→ **Task instructions**:
What you give back from the listing below should be an exact copy of the lines from the one with "冬日侨乡,位于新会会城街道天" down to the one with "Hypnotizing busty hitchhiker", and it should contain no pictures.

→ **Record set**:
§ §

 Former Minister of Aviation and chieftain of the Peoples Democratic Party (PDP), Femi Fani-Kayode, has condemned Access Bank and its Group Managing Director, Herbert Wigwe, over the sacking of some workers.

§ §

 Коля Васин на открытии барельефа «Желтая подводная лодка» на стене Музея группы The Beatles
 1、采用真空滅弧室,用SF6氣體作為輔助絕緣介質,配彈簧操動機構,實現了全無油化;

§ §

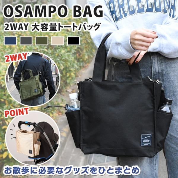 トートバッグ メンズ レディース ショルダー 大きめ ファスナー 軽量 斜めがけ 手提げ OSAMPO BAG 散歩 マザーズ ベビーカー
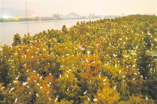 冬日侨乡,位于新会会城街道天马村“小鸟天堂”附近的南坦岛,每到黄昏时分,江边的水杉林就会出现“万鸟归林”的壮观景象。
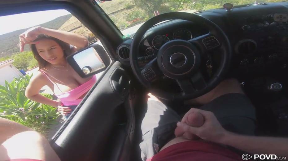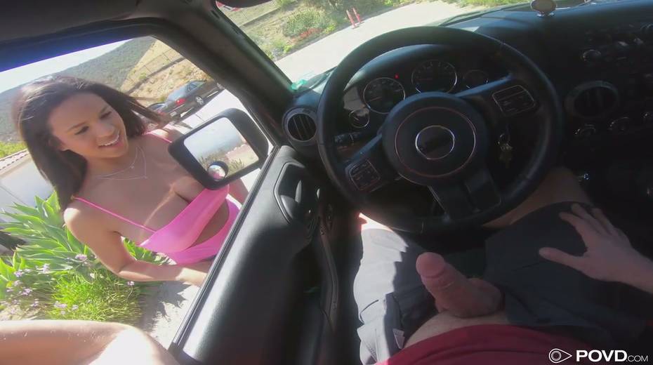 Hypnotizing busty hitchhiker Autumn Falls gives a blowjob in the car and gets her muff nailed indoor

§ §

→ **Written response**:
 冬日侨乡,位于新会会城街道天马村“小鸟天堂”附近的南坦岛,每到黄昏时分,江边的水杉林就会出现“万鸟归林”的壮观景象。
 Hypnotizing busty hitchhiker Autumn Falls gives a blowjob in the car and gets her muff nailed indoor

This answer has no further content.